Scientists observed light converted into matter
According to Einstein’s theory of special relativity, light can be converted into matter when two light particles collide with intense force.
But scientists have never been able to do this. No one could create the conditions needed to transform light into matter — until now.
Physicists claim to have generated matter from pure light for the first time. This is a significant breakthrough, overcoming a theoretical barrier that seemed impossible only a few decades ago.
Scientists since they couldn’t accelerate light particles, they opted for ions, and used the Relativistic Heavy Ion Collider (RHIC) to accelerate them at extreme speeds. In two accelerator rings at RHIC, the accelerated gold ions to 99.995% of the speed of light. With 79 protons, a gold ion has a strong positive charge.
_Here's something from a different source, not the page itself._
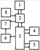 При этом первый вход приемо-передающего устройства 2 соединен с выходом антенны 1, а второй вход соединен с первым выходом БЦВМ 3, третий вход устройства 2 соединен с выходом антенны 8, первый выход приемо-передающего устройства 2 соединен со входом антенны 1, второй выход соединен с первым входом БЦВМ 3, третий выход устройства 2 соединен с первым входом антенны 7, второй вход БЦВМ 3 соединен с выходом аппаратуры 4, третий вход БЦВМ 3 соединен с выходом аппаратуры 5, второй выход БЦВМ 3 соединен со входом аппаратуры 4, третий выход БЦВМ 3 соединен со входом аппаратуры 5, четвертый выход БЦВМ 3 соединен со входом аппаратуры 6, выход аппаратуры 6 соединен со вторым входом антенны 7.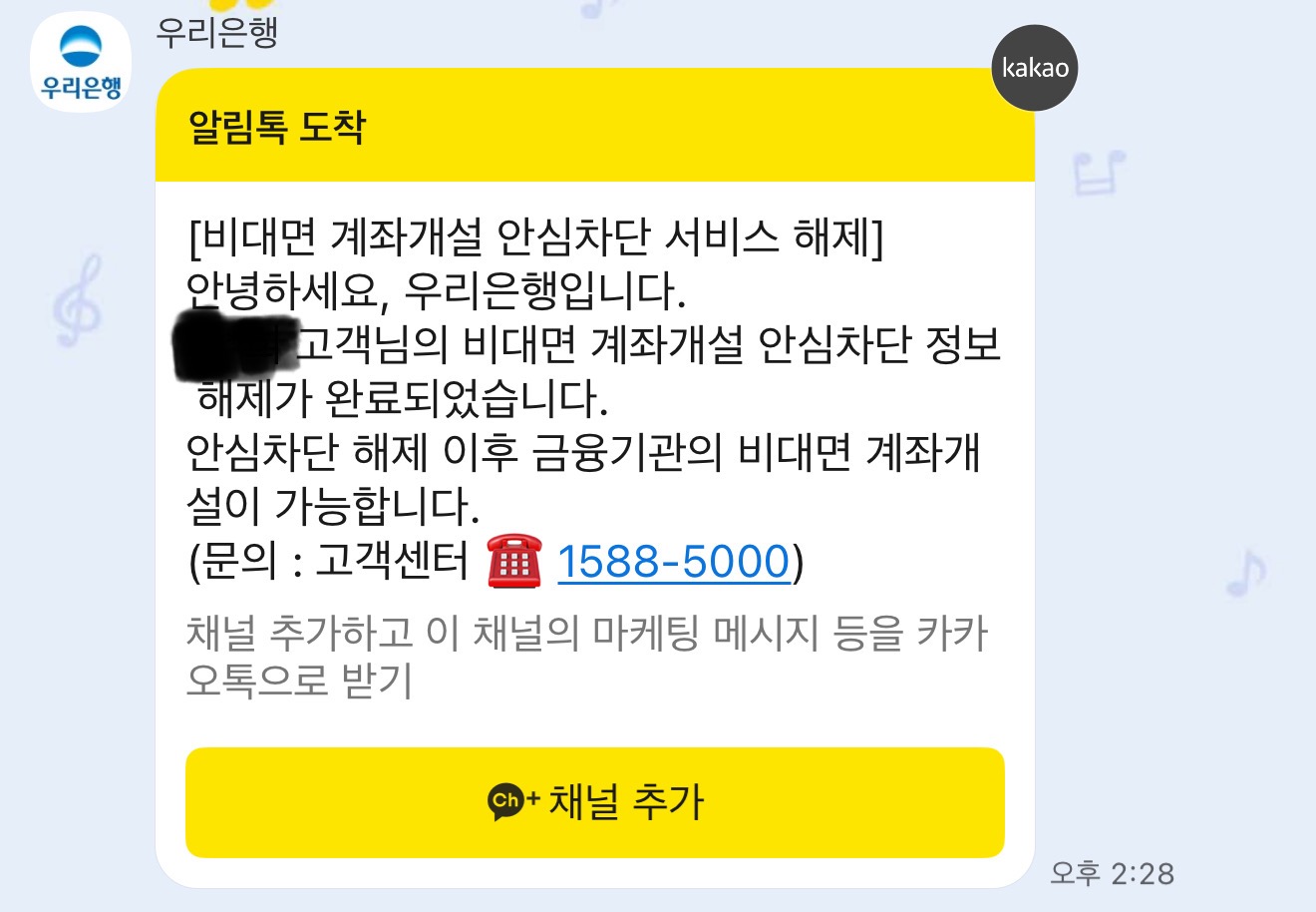 👉 저처럼 비대면계좌개설 안심차단 서비스를 가입하신 분들은 반드시 영업장 방문이 필요하다는 점 참고하시면 좋겠습니다.

When a charged heavy ion is accelerated to incredible speeds, a strong magnetic field swirl around it.
When the ions are moving close to the speed of light, there are a bunch of photons surrounding the gold nucleus, traveling with it like a cloud.
That magnetic field produces “virtual photons.” So, in a roundabout way, they accelerated light particles by piggybacking them on an ion.
When the team sped the ions in the accelerator rings with significant energy, the ions nearly collided, allowing the photon clouds surrounding them to interact and form an electron-positron pair — essentially, matter.
The results provide clear evidence of direct, one-step creation of matter-antimatter pairs from collisions of light as originally predicted.